* _Task prompt_
Please return exactly the lines below that run from the line with "Nytt hus av" through the end of the listing, both included, but not the pictures.

* _Excerpted records_
··········

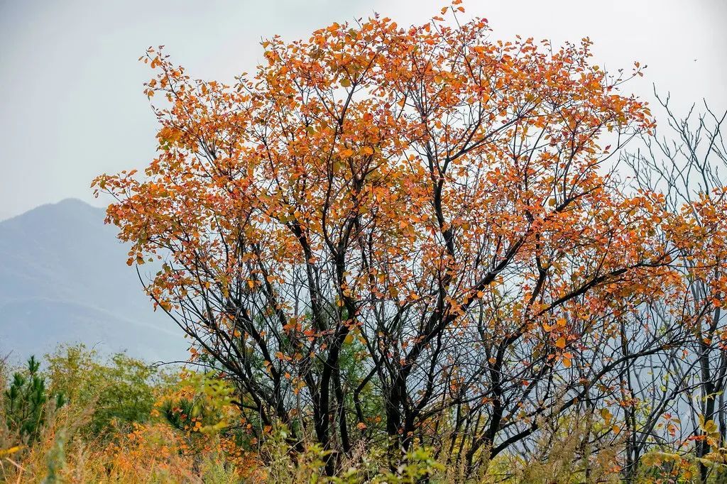 红叶、黄叶、绿叶相间生长,枝枝叉叉交缠在一起,互不分离。山道漫步,林间静坐,满目色彩缤纷,任岁月惊扰,时光流逝。
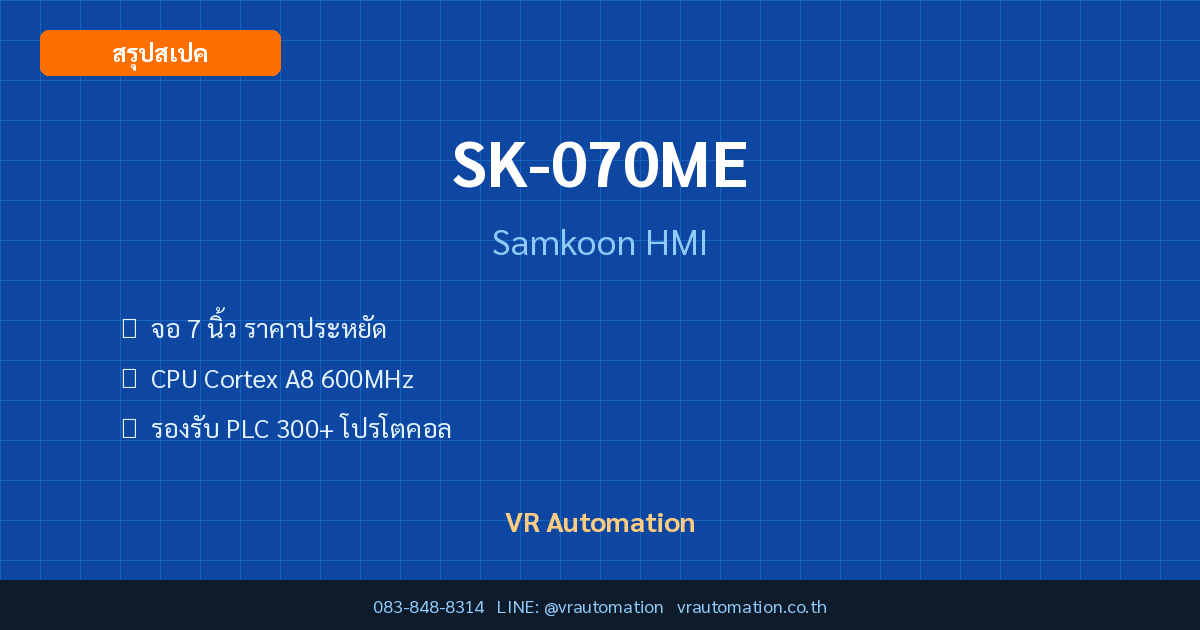 สรุปย่อ: SK-070ME จาก Samkoon เป็น HMI ที่โดดเด่นด้วย จอ 7 นิ้ว ราคาประหยัด เหมาะสำหรับงานระบบอัตโนมัติในอุตสาหกรรม จำหน่ายโดย VR Automation พร้อมบริการหลังการขายครบวงจร
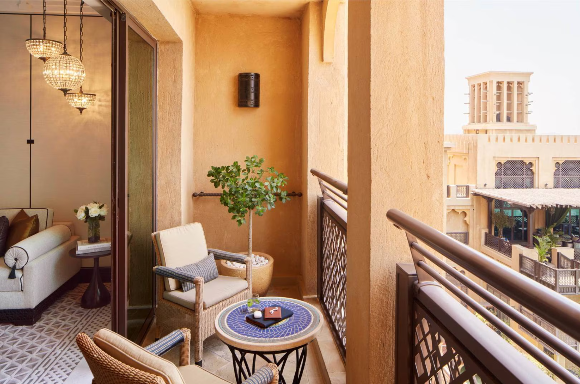 Stylish living with uninterrupted views of Burj Al Arab. 98 sqm – with a 19 sqm balcony. Features a lavish bedroom, extensive living room, marble bathroom, two private balconies and private powder room. Includes access to The Amal Lounge (exclusive access for suite guests).
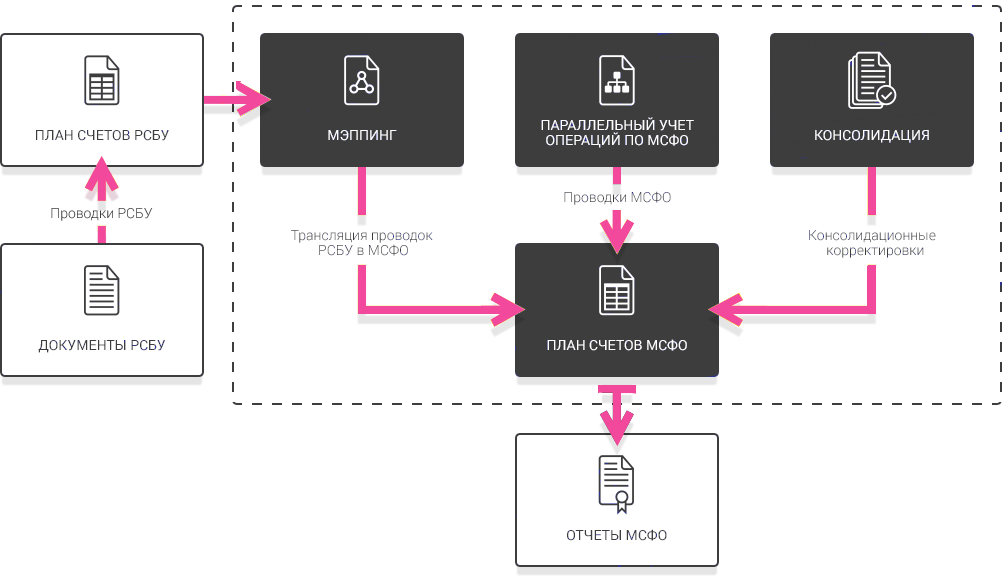 Для операций, где учетные принципы РСБУ и МСФО совпадают или близки, используется автоматическая трансляция. Для участков, где различия существенны, используются специализированные документы международного учета. К таким участкам относятся, в частности, основные средства, нематериальные активы, аренда, запасы, финансовые инструменты и отложенные налоги.
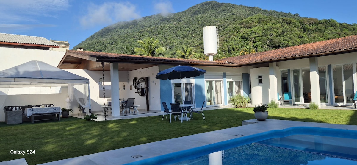 Nytt hus av hög standard, på Praia da Lagoinha i lägenheten i Salga i Ubatuba, med 24-timmars säkerhet. Framför stranden, bara tvärs över gatan, praktiskt taget på sanden, nära den berömda 7-strandsleden! Med 6 rymliga sviter med luftkonditionering, jacuzzi med varmt vatten, pool, fullt utrustat kök och integrerat gourmetområde med grillplats och pool. Den har en terrass med fantastisk havsutsikt. Det har alla väsentliga hushållsartiklar, Wi-Fi och streamingtjänster.
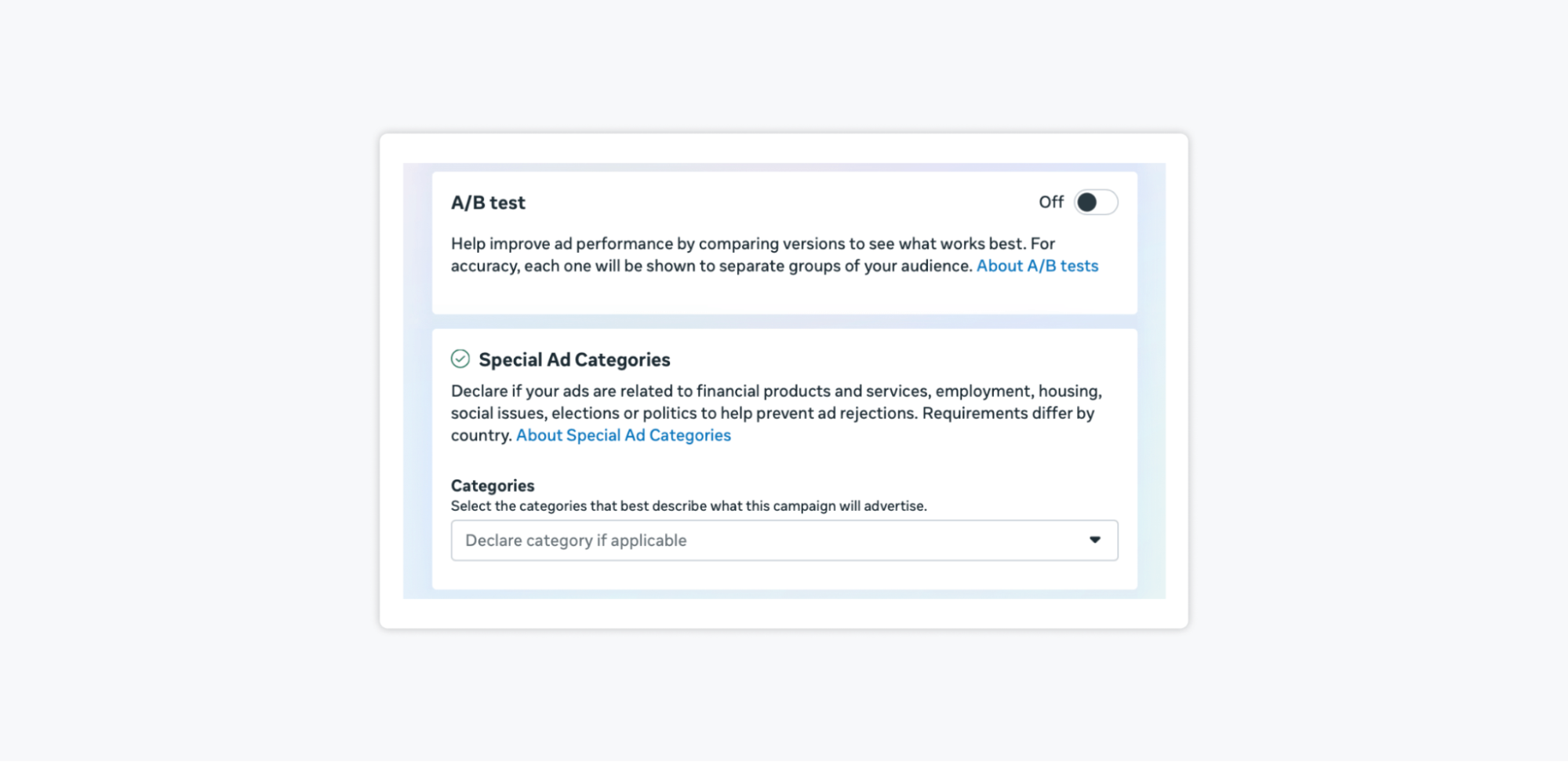 Step 6: Configure A/B testing and special ad categories. Decide if you want to run an A/B test, which allows you to compare different ad versions for performance insights. Then, confirm whether your campaign falls under Special Ad Categories (like housing, employment, credit, or political content). If it doesn’t, you can leave this section blank and continue.

··········

* _Task solution_
 Nytt hus av hög standard, på Praia da Lagoinha i lägenheten i Salga i Ubatuba, med 24-timmars säkerhet. Framför stranden, bara tvärs över gatan, praktiskt taget på sanden, nära den berömda 7-strandsleden! Med 6 rymliga sviter med luftkonditionering, jacuzzi med varmt vatten, pool, fullt utrustat kök och integrerat gourmetområde med grillplats och pool. Den har en terrass med fantastisk havsutsikt. Det har alla väsentliga hushållsartiklar, Wi-Fi och streamingtjänster.
 Step 6: Configure A/B testing and special ad categories. Decide if you want to run an A/B test, which allows you to compare different ad versions for performance insights. Then, confirm whether your campaign falls under Special Ad Categories (like housing, employment, credit, or political content). If it doesn’t, you can leave this section blank and continue.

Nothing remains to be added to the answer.